▶ **WHAT YOU ARE ASKED TO DO**: Reproduce every line below exactly as written; do not include the images.
---- DATA SEGMENT
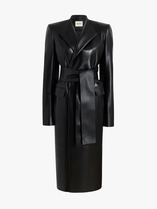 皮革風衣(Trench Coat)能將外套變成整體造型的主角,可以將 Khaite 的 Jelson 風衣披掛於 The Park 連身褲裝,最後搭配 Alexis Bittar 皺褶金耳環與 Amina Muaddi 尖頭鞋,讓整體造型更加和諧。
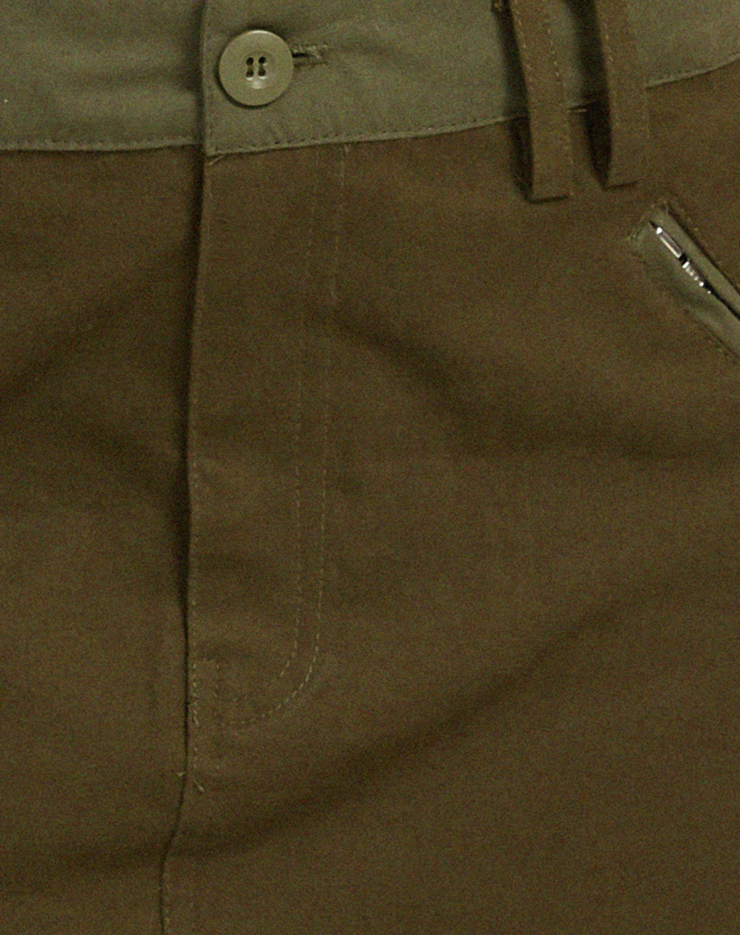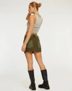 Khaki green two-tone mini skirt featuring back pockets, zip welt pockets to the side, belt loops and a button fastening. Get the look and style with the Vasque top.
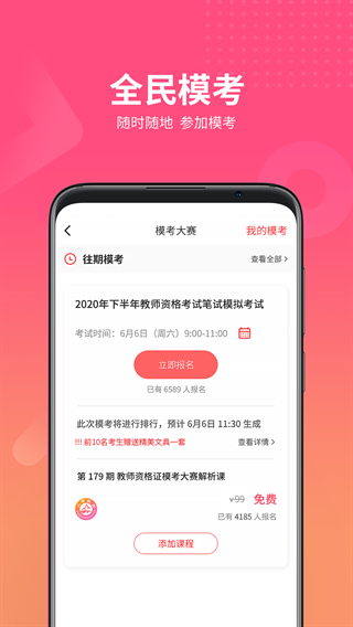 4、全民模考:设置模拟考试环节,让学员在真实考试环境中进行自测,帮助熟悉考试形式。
--------
▶ **WRITTEN RESPONSE**:
 皮革風衣(Trench Coat)能將外套變成整體造型的主角,可以將 Khaite 的 Jelson 風衣披掛於 The Park 連身褲裝,最後搭配 Alexis Bittar 皺褶金耳環與 Amina Muaddi 尖頭鞋,讓整體造型更加和諧。
 Khaki green two-tone mini skirt featuring back pockets, zip welt pockets to the side, belt loops and a button fastening. Get the look and style with the Vasque top.
 4、全民模考:设置模拟考试环节,让学员在真实考试环境中进行自测,帮助熟悉考试形式。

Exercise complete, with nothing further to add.